You can't ask me what I pay... because it will mean nothing in your market 
Guys aren't getting on planes to leave here for $2/hr more and they are flying here from where you're at either....
The only rates that matter are your local competition ... same as your customers prices

But
If your $25/hr guy does an 8 hour route in 7 hours 
That means even though your payroll is high, you can afford to be more competitive on your pricing

It's the difference between $70 x 2 and $80 x 1.5
Who's going to be low bid?
Heck you could be $90/hr and still get the job or $100/hr and still be competitive.
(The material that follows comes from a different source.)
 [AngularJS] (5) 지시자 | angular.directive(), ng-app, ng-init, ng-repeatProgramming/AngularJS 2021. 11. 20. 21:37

The ratios, nuances and factors of what do you pay and how much you charge are so much more involved, than just charging or paying what everyone else does. 
Ask the question is more likely to lead you in the wrong direction with bad data, than it is to help you find your sweet spot.


----------



## leolkfrm

would you go out in the current weather for 4 hours at $15 an hour...i doubt it


----------



## Randall Ave

With me your on the books. I also feed you. $30.00 an hour.


----------



## tpendagast

leolkfrm said:


> would you go out in the current weather for 4 hours at $15 an hour...i doubt it


I might 
Do I have bills to pay?
Are my kids hungry? 
Is rent due?


----------



## WIPensFan

tpendagast said:


> I might
> Do I have bills to pay?
> Are my kids hungry?
> Is rent due?


You forgot...Do I have a drug or alcohol dependency?


----------



## cwren2472

tpendagast said:


> I might
> Do I have bills to pay?
> Are my kids hungry?
> Is rent due?


While that's possibly true, the more likely possibility these days is that you would offer someone $14/hr, he'll laugh at you, then go work for one of your competitors for $20/hr in a heartbeat since they are probably all hard up to find ANYONE, too.


----------



## Randall Ave

WIPensFan said:


> You forgot...Do I have a drug or alcohol dependency?
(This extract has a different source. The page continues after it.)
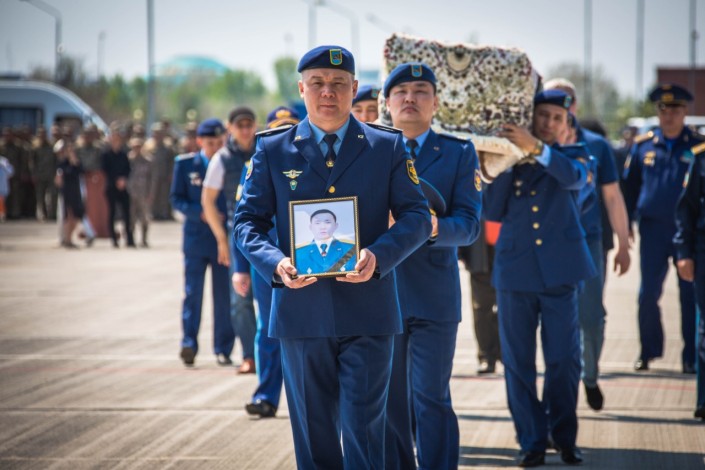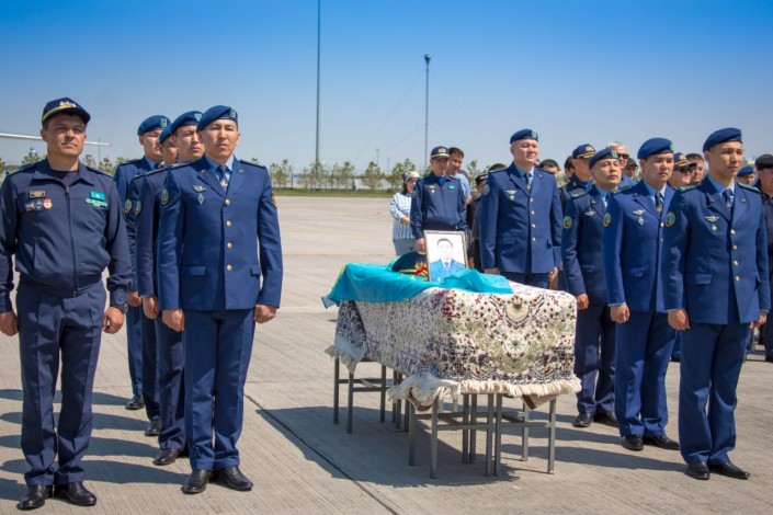 "Сегодня военнослужащие воинских частей Сил воздушной обороны Вооруженных Сил Республики Казахстан Акмолинского гарнизона с соблюдением воинского ритуала проводили своего сослуживца – Раимкулова Ерлана в последний путь. Военно-транспортный самолет ВВС Казахстана доставит сегодня тело погибшего военнослужащего на его малую родину - в Жамбылскую область", - говорится в сообщении.

The way things are going, the alcohol part might appear


----------



## GMC Driver

We tried a new approach this year. Higher rates has brought a higher caliber of operator. Although the screening process is ultimately the most important part.
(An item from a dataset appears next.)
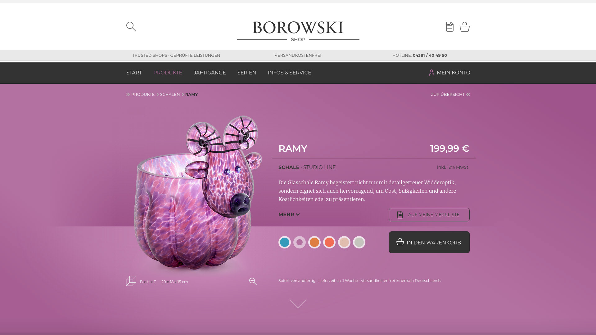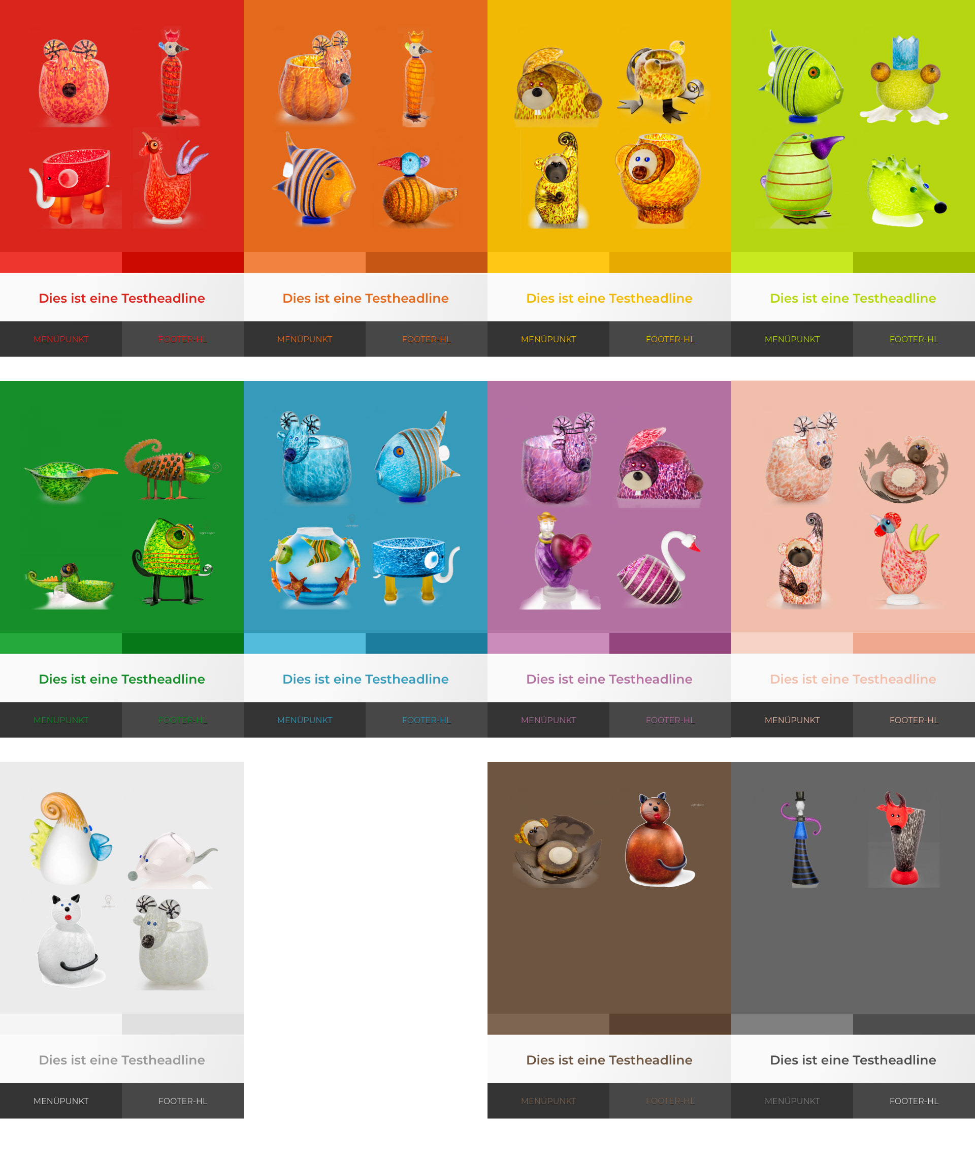 INFO: Die Onlineshops Borowski Shop und Hammerich Modernes Wohnen gehören zusammen. Als exklusiver Händler vertreibt Hammerich die Glaskunst der Manufaktur Borowski in Deutschland. Den farbenfrohen Figuren galt auch das Hauptaugenmerk für mein Shop-Konzept. Das Layout des Shops nimmt sich bewusst zurück, um die Kunstwerke noch besser wirken zu lassen. Um deren Erscheinung zu unterstreichen, färbt sich der Shop in die Farbstimmung des aufgerufenen Objekts.

Also have seen a couple cases of higher rates attracting a higher caliber of idiot.


----------



## tpendagast

cwren2472 said:


> While that's possibly true, the more likely possibility these days is that you would offer someone $14/hr, he'll laugh at you, then go work for one of your competitors for $20/hr in a heartbeat since they are probably all hard up to find ANYONE, too.


Not everyone can find decent pay 
I don't know what it is, or the positions just weren't advertised when people are desperate and looking.

I have guys working for me now that worked in other places for years for $12/hr , I haven't massively changed my pay scale ... 
just that people thought they'd eventually get a raise and never did...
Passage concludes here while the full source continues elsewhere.